How do I scale my Azure application without having a temporary outage?

I'm toying with Windows Azure Management API for scaling my Azure web role. At some point I have one instance and decide that I want to go from one instance to two instances. I send an HTTP POSt request to

https://management.core.windows.net:443/<my-subscription-id>/services/hostedservices/<my-service-name>/deployments/<my-deployment-name>/?comp=config

with an XML specifying the same configuration as deployment currently has and instances count set to two. The call succeeds and the change starts. Now for about 30 seconds the web role will not accept HTTP calls - the caller will get

10061 connection refused

in browser. Which means the role is not serving client requests. That's a problem.

How do I scale the web role in such way that it serves client requests at all times?

Solution

As per SLA (Service Level Agreement - Compute):

We guarantee that when you deploy two or more role instances in different fault and upgrade domains your Internet facing roles will have external connectivity at least 99.95% of the time.

This means that having one instance is not supported case for SLA, so you may (or will) have downtime.

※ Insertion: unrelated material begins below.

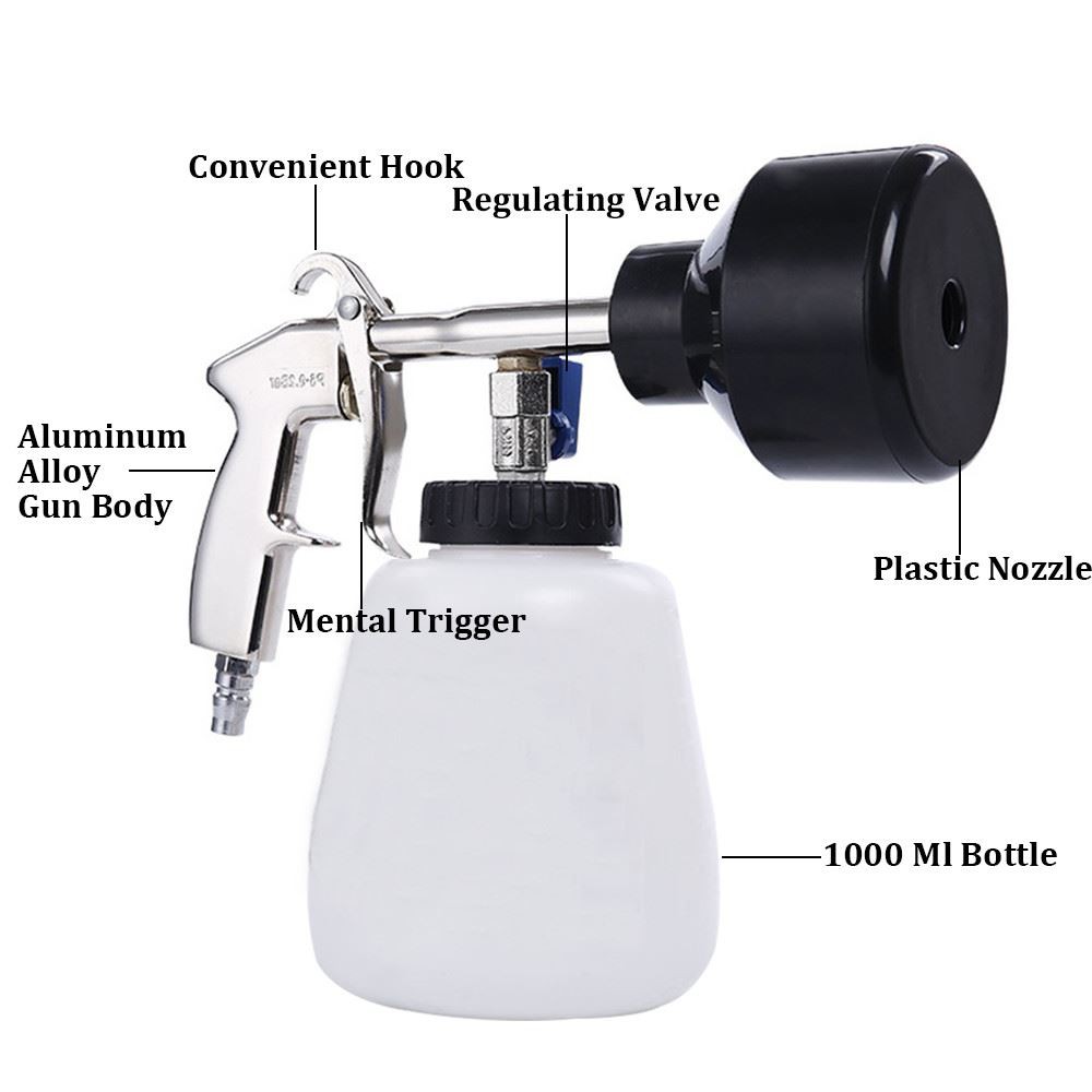 Tornador froðubyssan getur úðað ýmsum froðuhreinsivökva, notaður til að þrífa ló og leður í bílnum, yfirborði vélarinnar, yfirborði hjólbarða, yfirbyggingu bíla og mælaborði bílsins.

If scale from 2 or more, or from more to 2, there shall not be any outage.

This blog post outlines a good explanation about fault and upgrade domains. Before all, scaling means "upgrade" - you are changing configuration, this configuration change needs to be propagaded through all roles and instances. The only way to do that witout downtime (currently) is to have at least two instances, each of which lives in separate domain.